Even without his glasses, however, Lentini might have noticed that the wine in question is the last one on the Bobby Flay Steak wine list (at least as published on their website) -- and prices do go up as one goes down the list. 

Bobby Flay Steak wine list

Big gulp

The other two agreed to the price and drank the wine, a bottle of Screaming Eagle 2011, a Napa Valley Cabernet Sauvignon, and when the bill arrived, Lentini said, only then did he realize that the bottle of wine actually cost close to four thousand dollars.
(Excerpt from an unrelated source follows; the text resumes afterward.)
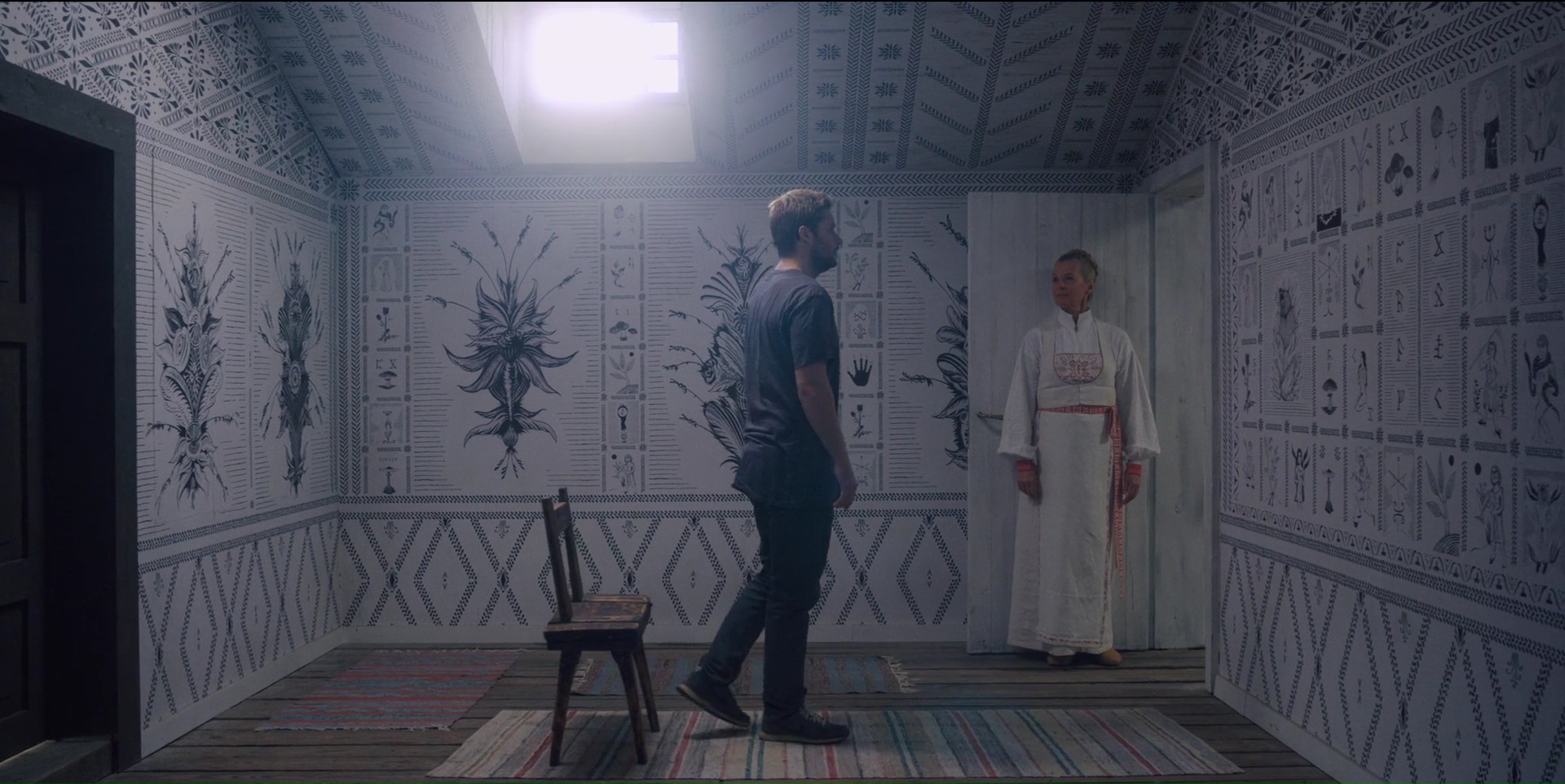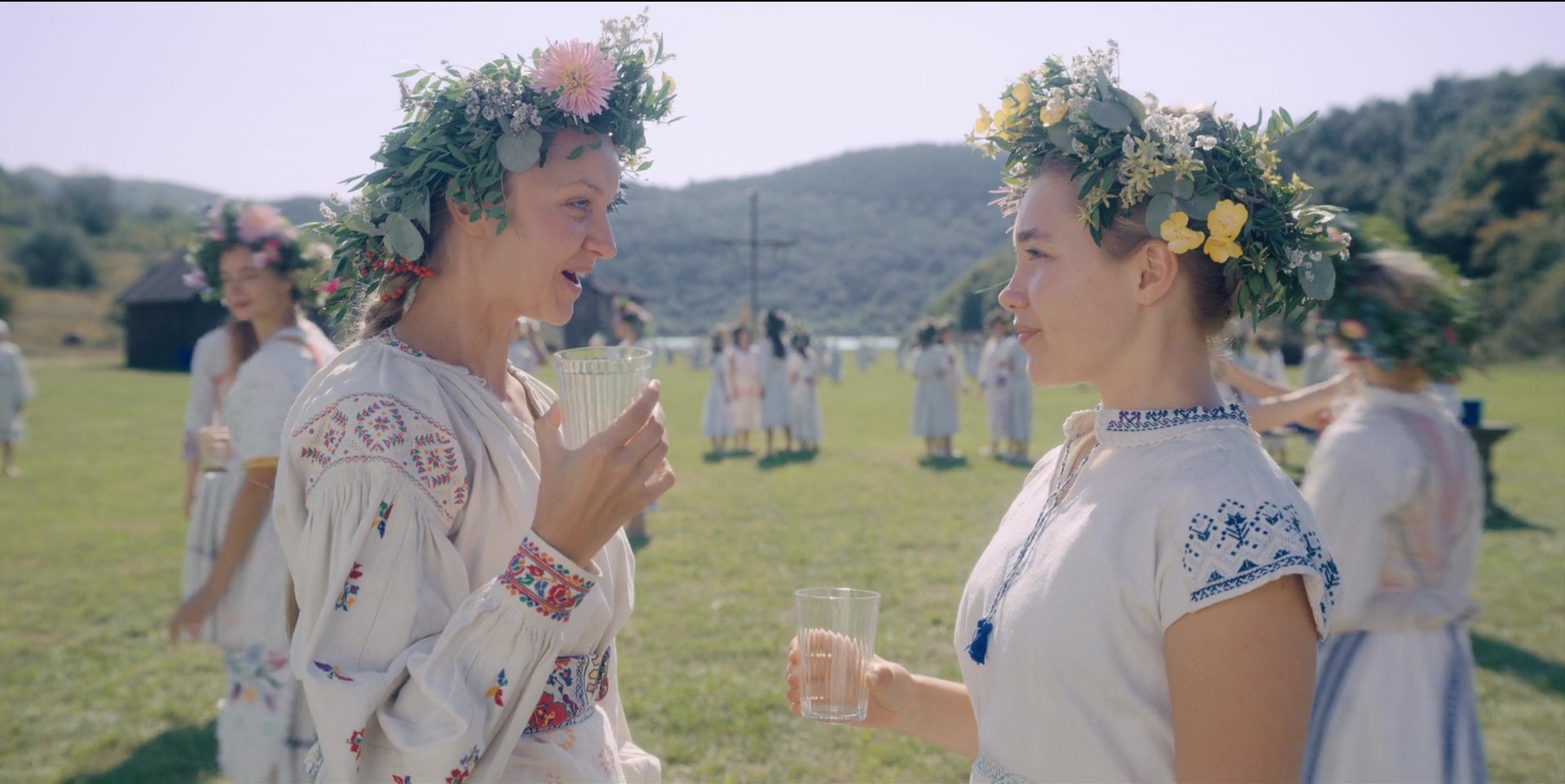 Il y a juste un an, Hereditary (Hérédité) m’avait fait forte impression. Certes, le final était en dessous du reste et plongeait un peu dans la facilité du cinéma de genre actuel, mais tout ce qui précédait était parfait. Choc, ambiancé, et le réalisateur, Ari Aster, qui signait son premier film, faisait preuve d’une certaine virtuosité dans sa mise en scène qui nous racontait quelque chose, en plus bien entendu de se montrer être un directeur d’acteur formidable. Alors quand à peine un an après débarque Midsommar, son second long métrage, qui en plus de prendre à revers tous les tics du cinéma de genre (le film se déroule intégralement de jour sous un soleil de plomb, il n’y a aucun jumpscare) rend hommage à The Wicker Man, que j’adore, et bien je jubile. Ari Aster avait après tout prouvé qu’il était un réalisateur à suivre, en espérant qu’il ne se fasse pas parasiter par les studios et un certain cinéma grand public. Fort heureusement, ce n’est aucunement le cas, et si l’on retrouve toutes ces obsessions dans Midsommar, on peut même affirmer qu’il radicalise sa proposition de cinéma. Pas de final convenu comme dans Hereditary, une histoire qui se livre sous forme de trip sous acide qui ne met pas vraiment à l’aise, et une mise en scène qui sert encore une fois autant à nous faire ressentir diverses émotions qu’à nous raconter quelque chose. Dans Midsommar donc, il est encore question de deuil. Dani perd sa famille. Et Ari Aster, connaissant sur le bout des doigts la grammaire cinématographique, impressionne en seulement quelques instants, avec un plan tout simple, mais qui a beaucoup à raconter. Les vingt premières minutes du film, avant l’arrivée de Dani et sa bande dans un village Suédois isolé, fait preuve d’une belle maîtrise formelle de l’image. Dani pleure dans les bras de son petit ami, et la caméra avance vers eux, les dépasse et nous montre ce qu’il se passe à l’extérieur, par la fenêtre. Pour beaucoup, un plan très joli et anodin, mais finalement signifiant bien plus (que la solution aux soucis de Dani se trouve dans son ouverture au monde extérieur).
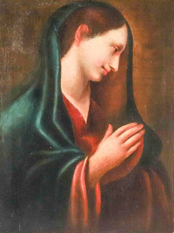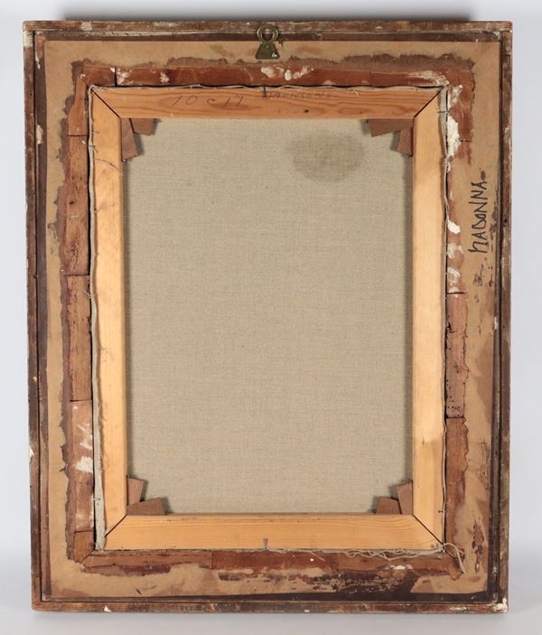 "Madonna in preghiera", piccolo dipinto ad olio su tela in antica cornice in legno dorato e intagliato

Lentini's fellow diners who overheard the initial price discussion agreed that the waitress had indeed uttered the words “thirty seven fifty” rather than “Three thousand, seven hundred and fifty.” But the waitress disagreed, and when the manager was called over, he said the best the restaurant could do was lower the cost from $3,750 to $2,200. (An online search for the vintage suggests the price is usually somewhere in the $1,500 to $1,800 per bottle range.)

The Borgata, meanwhile, says it investigated the incident and determined that proper practices were followed. Executive vice president Joseph Lupo said “[W]e consistently serve as many, if not more high-end wine and spirits without incident …. In this isolated case, both the server and sommelier verified the bottle requested with the patron.”

The Borgata has surveillance footage (video only, no audio) showing the transaction, but has declined to release it.

In defense of the Borgata, Screaming Eagle has acquired something of a cult following in some circles. It's "a contender for the finest Cabernet Sauvignon produced in California," says the Wine Cellar Insider. "Screaming Eagle is not about power, it’s about elegant, refined, pure fruit and rich, silky, velvet drenched textures."

If it does anything to relieve Lentini's hangover, at least he didn't order the 1992 vintage. It's going for $2,200 or so at wholesale auctions and would probably have run him close to "forty-five" tableside. $4,500, in other words.